I know that the Killing form of $\mathfrak{g}$ restricted to an ideal $I \subset \mathfrak{g}$ is just the Killing form of $I$.
However, what happens in general if we relax the conditions and just consider the Killing form restricted to a subalgebra $\mathfrak{a} \subset \mathfrak{g}$?
On
As to the question "why":
The Killing form of $\mathfrak{a}$ is given by
$$k_1(x,y) := Tr (ad_{\color{red}{\mathfrak{a}}}(x) \circ ad_{\color{red}{\mathfrak{a}}}(y))$$
for $x,y \in \mathfrak{a}$, whereas the Killing form of $\mathfrak{g}$ restricted to $\mathfrak{a}$ is given by
$$k_2(x,y) := Tr (ad_{\color{red}{\mathfrak{g}}}(x) \circ ad_{\color{red}{\mathfrak{g}}}(y))$$
for $x,y \in \mathfrak{a}$. The second one involves "bigger matrices" a.k.a. more information, namely, how $x,y$ operate on the entire $\mathfrak{g}$, whereas for the first one, we forget everything about how they act outside of $\mathfrak{a}$. For examples how that can make a difference, see the other answer.

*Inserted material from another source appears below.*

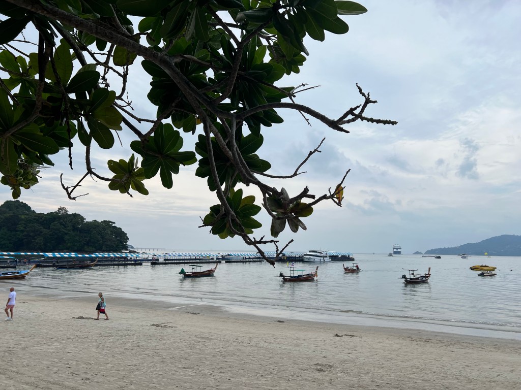 Ik geniet van de omgeving. Na een km of 30 zijn we bij Nai Thon Beach. Daar stappen we af. Dat vinden de billen ook wel even fijn. En gaan we wat drinken. We nemen bijna dezelfde route weer terug en plonsen dan in t zwembad. Helaas begint het te regenen. En het lijkt erop dat dat de komende dagen veel zal gebeuren.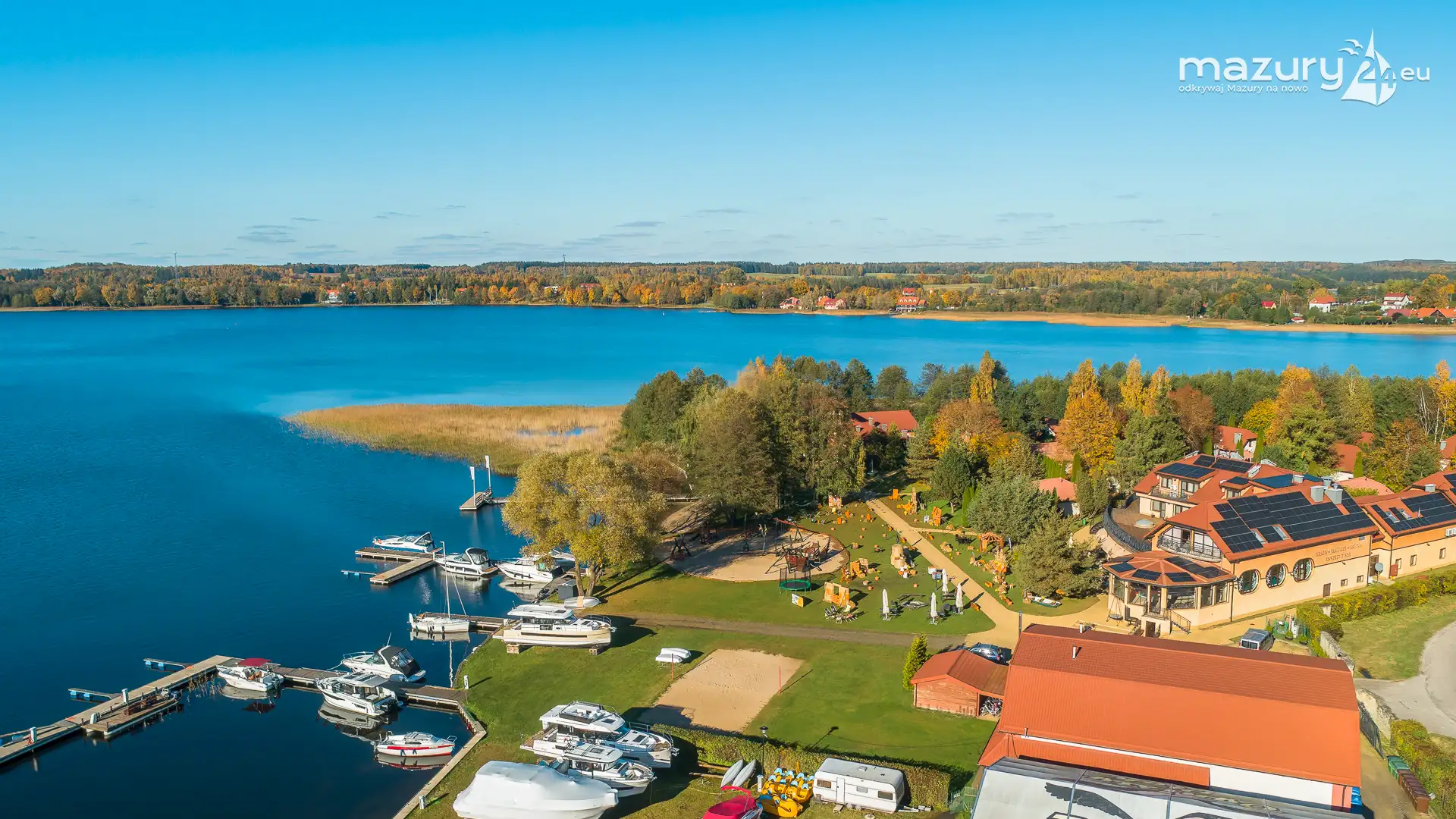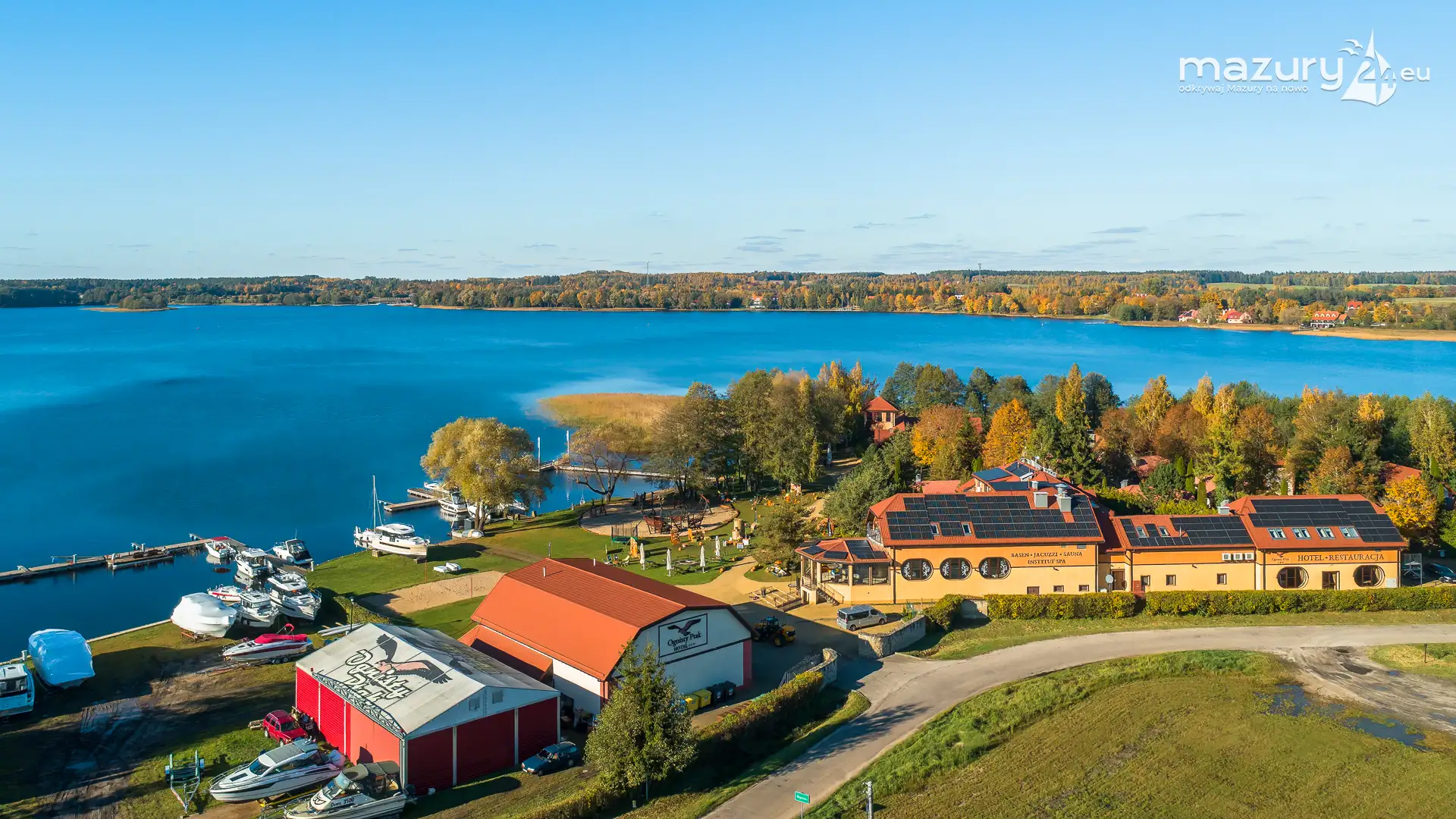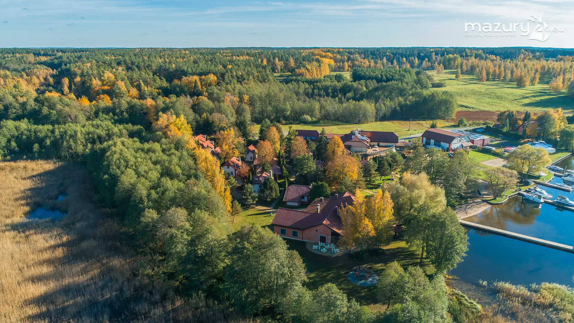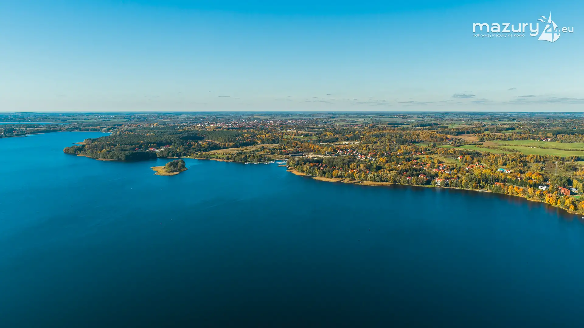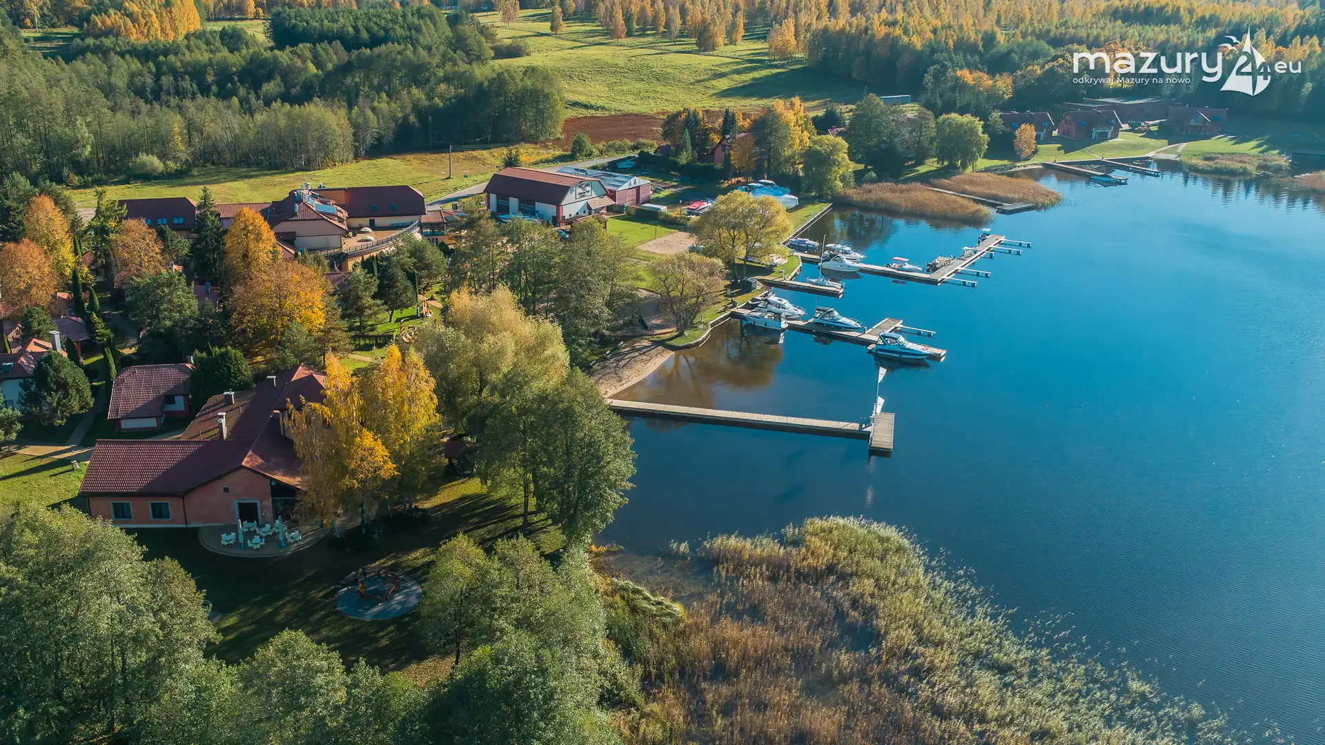 Kolejnym miejscem które złapaliśmy "z góry" podczas wybuchu jesiennych kolorów jest jezioro Święcajty i port Ognisty Ptak, leżący na północnej części szlaków WJM. Niby nic takiego, pokazywaliśmy Wam to miejsce wiele razy, w końcu udało nam się jednak złapać jesienną paletę barw. Piękne te Mazury jesienią...

Now if $\mathfrak{a}$ happens to be an ideal, then the "bigger matrices" in the second case actually have a certain block form, so that the traces are completely determined by the blocks which correspond to $ad_{\color{red}{\mathfrak{a}}}$ of the respective elements, and that is why in that case, our two options are the same. It is worthwhile if you try to write down these "block forms" yourself to see what's happening. (It's done (Spoiler warning!) here.)

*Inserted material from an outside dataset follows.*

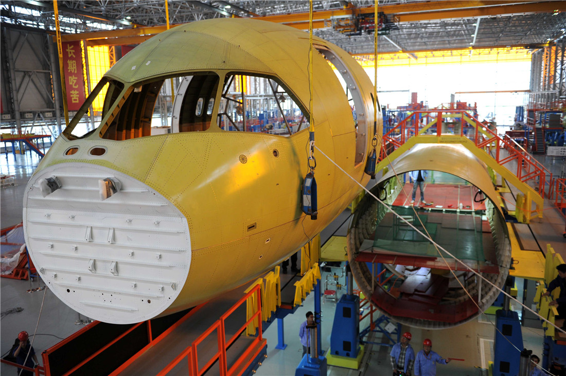 The nose section of the C919 docks with the fuselage in Shanghai on October 16, 2014, marking the beginning of the docking stage. figcaption >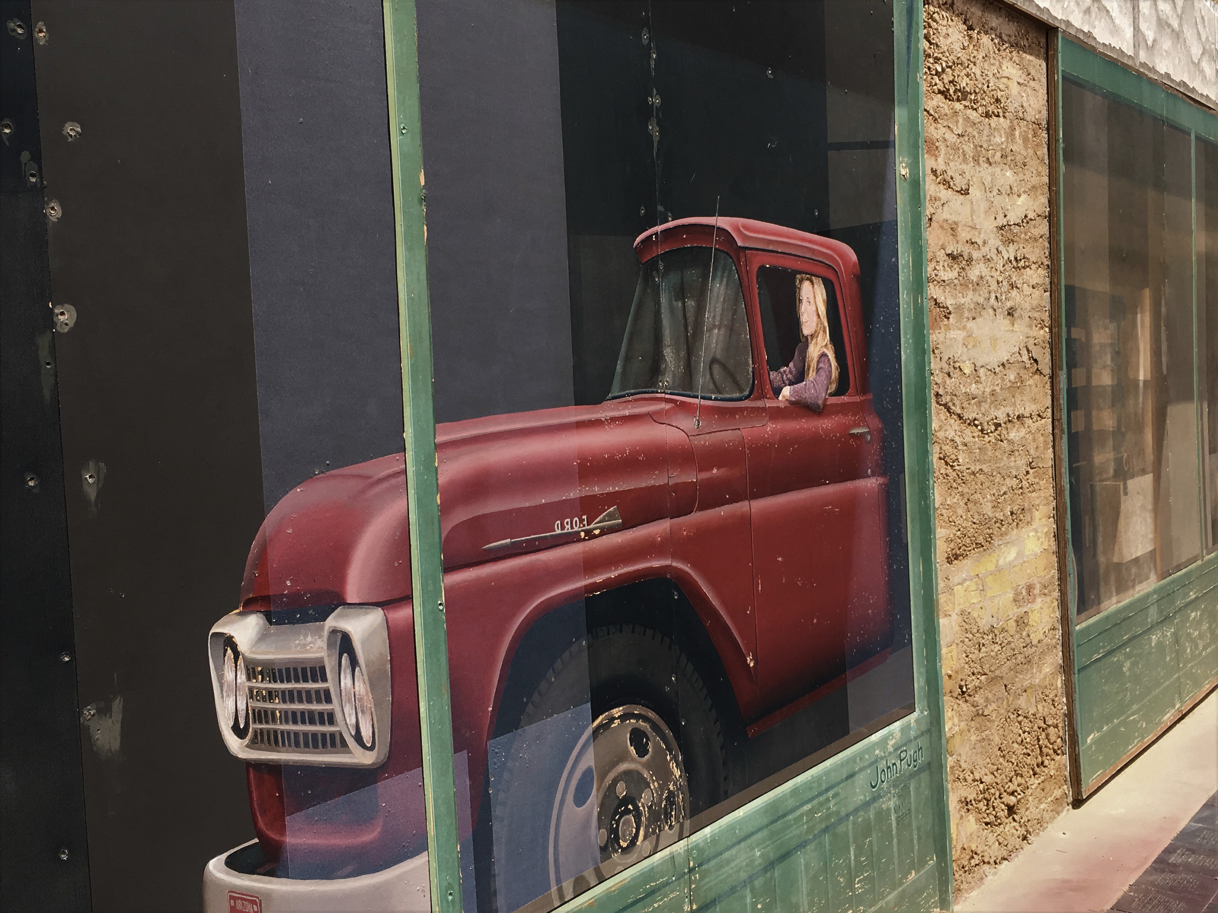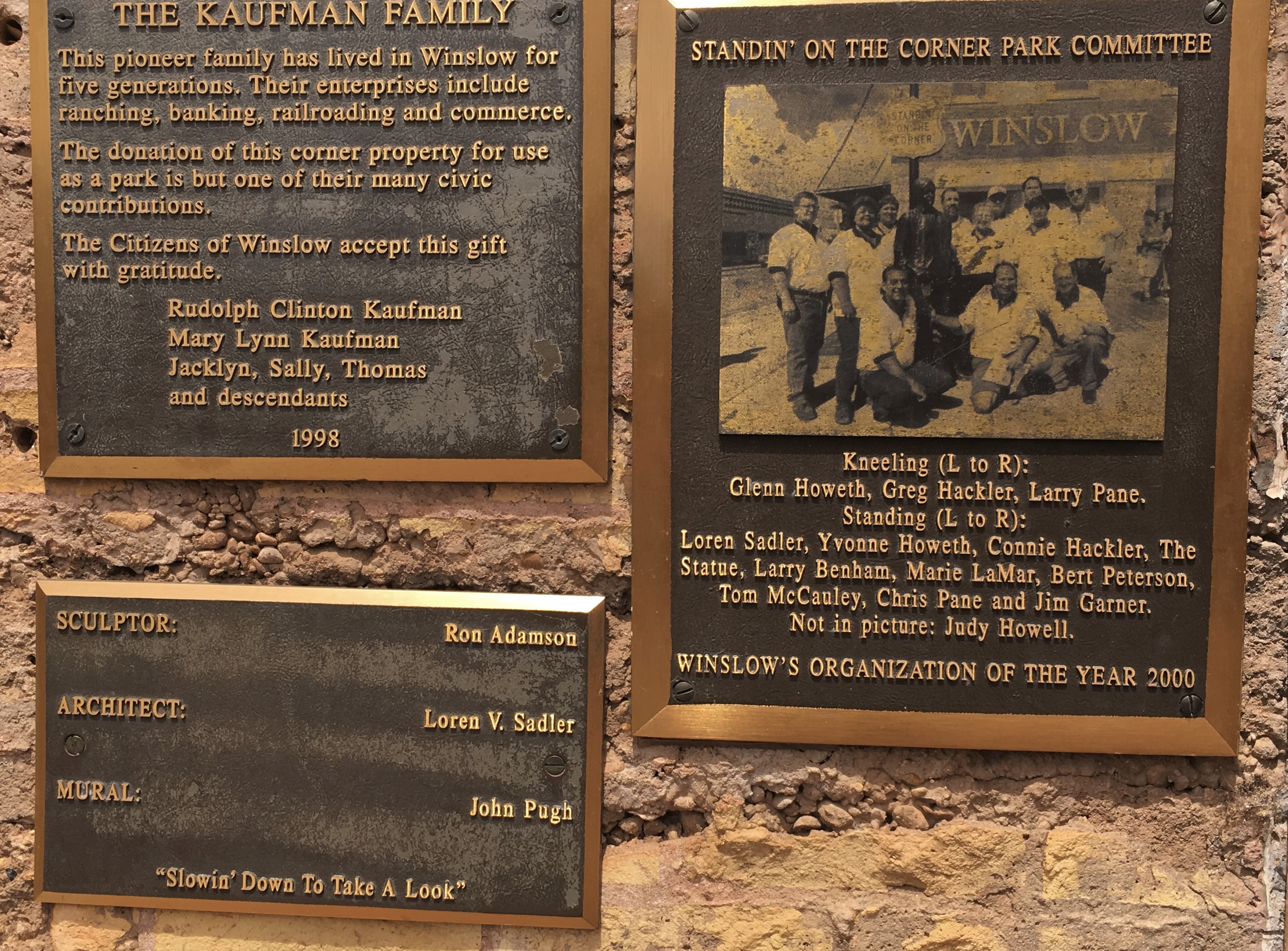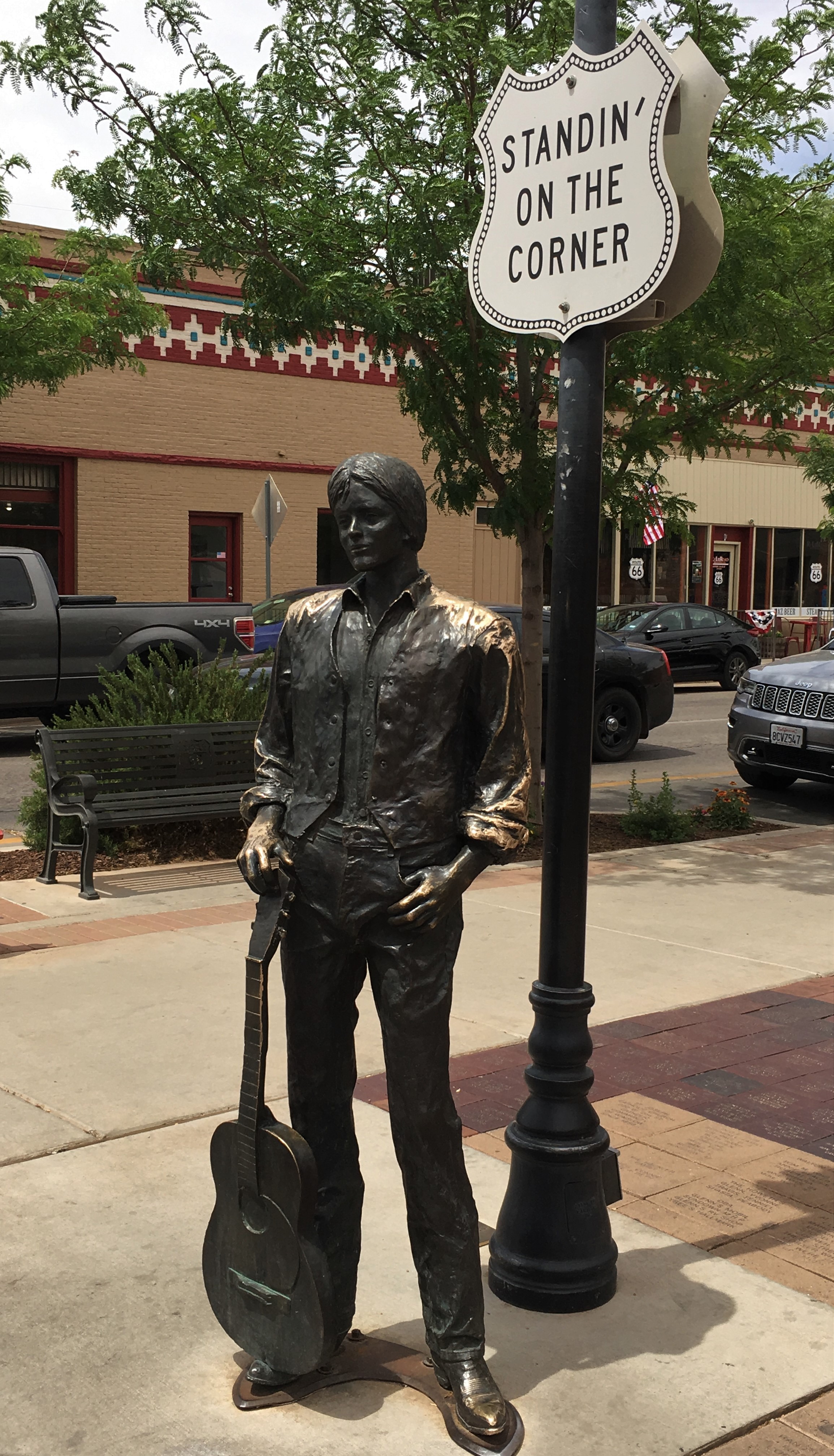 The official name for this site is: Standin’ On A Corner Park.  The park was opened in 1999 to commemorate the song Take It Easy, sung by the Eagles and co-written by Jackson Browne and Glenn Frey.  The mural in the background was created by the artist John Pugh.  This type of artwork is called trompe-l’œil.  In this style of artwork, the artist creates a visual illusion, tricking your eye into believing a painted detail is a 3D object.  (Being picky, my issue with the mural is that if it was truly a reflection in the window, the woman would not be visible – that is my nitpick, just ignore the critic.)

The question 'what happens' is best answered by looking at an example, so the first question is: where do we find examples of subalgebras that are not ideals?
Here is a class of examples. consider the real Lie algebra $\mathfrak{g} = \mathfrak{sl}_n$ of traceless $n$-by-$n$ matrices. It has a Cartan decomposition $\mathfrak{g} = \mathfrak{k} \oplus \mathfrak{p}$ where $\mathfrak{k}$ is the $(n(n-1)/2)$-dimensional subalgebra of anti-symmetric matrices and $\mathfrak{p}$ the $(n(n+1)/2 - 1)$-dimensional subspace (not algebra) of symmetric matrices. Inside $\mathfrak{p}$ there is a unique-up-to-conjugation maximal abelian subalgebra $\mathfrak{a}$ which we might as well (and, following convention, will) take to be the $n-1$-dimensional abelian subalgebra of diagonal matrices.

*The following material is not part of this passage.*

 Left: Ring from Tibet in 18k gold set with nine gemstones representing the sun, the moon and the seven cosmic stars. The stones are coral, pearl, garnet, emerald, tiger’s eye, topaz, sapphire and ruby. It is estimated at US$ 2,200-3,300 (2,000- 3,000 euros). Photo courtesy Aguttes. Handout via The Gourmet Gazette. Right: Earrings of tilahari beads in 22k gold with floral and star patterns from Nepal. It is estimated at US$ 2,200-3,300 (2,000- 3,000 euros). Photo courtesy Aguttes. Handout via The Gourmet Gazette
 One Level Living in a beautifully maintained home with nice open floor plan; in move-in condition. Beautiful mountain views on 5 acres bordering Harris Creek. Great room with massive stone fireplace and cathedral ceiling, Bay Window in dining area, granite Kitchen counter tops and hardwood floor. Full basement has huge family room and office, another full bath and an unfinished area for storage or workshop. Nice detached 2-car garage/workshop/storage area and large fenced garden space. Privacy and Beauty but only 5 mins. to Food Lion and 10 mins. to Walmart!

The nice thing about this set-up (well there actually many even nicer things about it, that is why these names are standard, but well) is that neither $\mathfrak{k}$ nor $\mathfrak{a}$ is an ideal in $\mathfrak{g}$.
Let's look at $\mathfrak{a}$ first. It is abelian so the killing form of $\mathfrak{a}$ itself is $0$. However, the restriction of the killing form of $\mathbb{g}$ to $\mathfrak{a}$ is not. We can decompose $\mathfrak{g}$ as the direct sum of $\mathfrak{a}$ and a bunch of root spaces for the adjoint action of $\mathfrak{a}$ (in other words: we can treat $\mathfrak{a}$ as a cartan subalgebra, this is because $\mathfrak{g}$ is split) and so we find that $ad(A)$ for some element $A \in \mathfrak{a}$ is diagonal with $n-1$ zeroes, $n(n-1)/2$ entries equal to $2$'s and $n(n-1)/2$ entries equal to $-2$.
It follows that $(A, A) = 4n(n-1)$ which is rather different from $0$. Here $(.,.)$ denotes the killig form of $\mathfrak{g}$. $(A_1, A_2)$ for different elements of $\mathfrak{a}$ yield multiples of 4 closer (in absolute value) to zero, but is zero only if $A_1 = -A_2$.
The case of the subalgebra $\mathfrak{k}$ is rather different, but I have to run now, maybe I come back to it later, or you can try it yourself.